The talks in Addis Ababa have been convened by the East African bloc IGAD and are aimed at bringing the warring sides back to the negotiating table after a 2015 peace deal collapsed last year during heavy fighting in the capital, Juba.
The war began in 2013 between soldiers of President Salva Kiir, an ethnic Dinka, and his former vice president, Riek Machar, a Nuer. Tens of thousands of people have died and a third of South Sudan’s 12 million population have fled their homes.
Highlighting the widespread nature of the violence, army spokesman Lul Ruai Koang earlier said four aid workers from the French organisation Solidarites International had been kidnapped a day earlier by the rebels near the western city of Raja.
The state government, based in Raja, said in a statement eight civilians had been killed and the four aid workers kidnapped in what it described as an ambush by the rebels.
The French organisation said it had lost contact with three members of its team on Saturday. It gave no indication of their fate and it was not immediately clear why it gave a different number of those involved.
An IO rebel statement said: “The SPLA IO forces also rescued four humanitarian staff ... they are currently safe and sound with our forces around Raja and will be handed over ... as soon as possible.”
It was not immediately clear what the rebels said they had rescued the aid workers from.
The war has mutated from a two-way fight into a fragmented conflict, making peace more elusive, the top United Nations peacekeeper in the country told Reuters earlier this year.
Diplomats and analysts question whether the will to end the fighting exists, as Kiir’s government holds the military upper hand and rebel leader Machar is under house arrest in South Africa.
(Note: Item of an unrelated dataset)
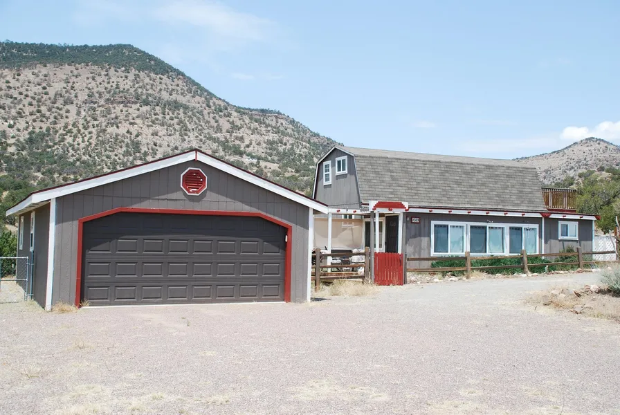 What a great deal for a young couple with children, equestrians, retirees! PRICE REDUCED DRASTICALLY! This two-story cabin has a lot built into its 936 square feet. It is very well built and has been maintained in mint condition. It has everything in small but comfortable sizes. The entry den is spaceous and has great views across the Plains of San Agustin and towards the Magdalena Mountains through an array of large windows. Then enter an additional living area, a dining nook, really nice country kitchen, and the sunken master-bedroom. The bathroom on the main floor has a shower and no tub. Up the stairs are another large bedroom with fenced balcony and awesome views, a guest bedroom, a bath with tub, and a storage area in the hall. Floors are carpet, vinyl and ceramic tile. This home is on septic and its own excellent well. Beside the home across the yard is a detached two-car garage and next to it a small metal shed to store your garden tools. There is plenty of space to roam, and your dogs have their own huge fenced-in backyard. If you like to ride horseback, public lands are less than a mile up the canyon. HOA allows to fence in the property, which the present owner has not done. Access to this property is on well maintained gravel road for less than a mile off of New Mexico Highway 12.

Machar sent representatives to the Ethiopian capital for the talks.
Ethiopian Prime Minister Hailemariam Desalegn voiced strong criticism of the warring sides at the forum in Addis Ababa.
“... More than half of the people of South Sudan are either refugees in neighbouring countries, internally displaced within South Sudan or suffering from food insecurity in their own village,” he said.
“It is equally clear that all this suffering is taking place because you the leaders of South Sudan have repeatedly failed to talk to each other, to negotiate, to be tolerant, to make compromises,” he added. “Today, I appeal to you to stop this intransigence.”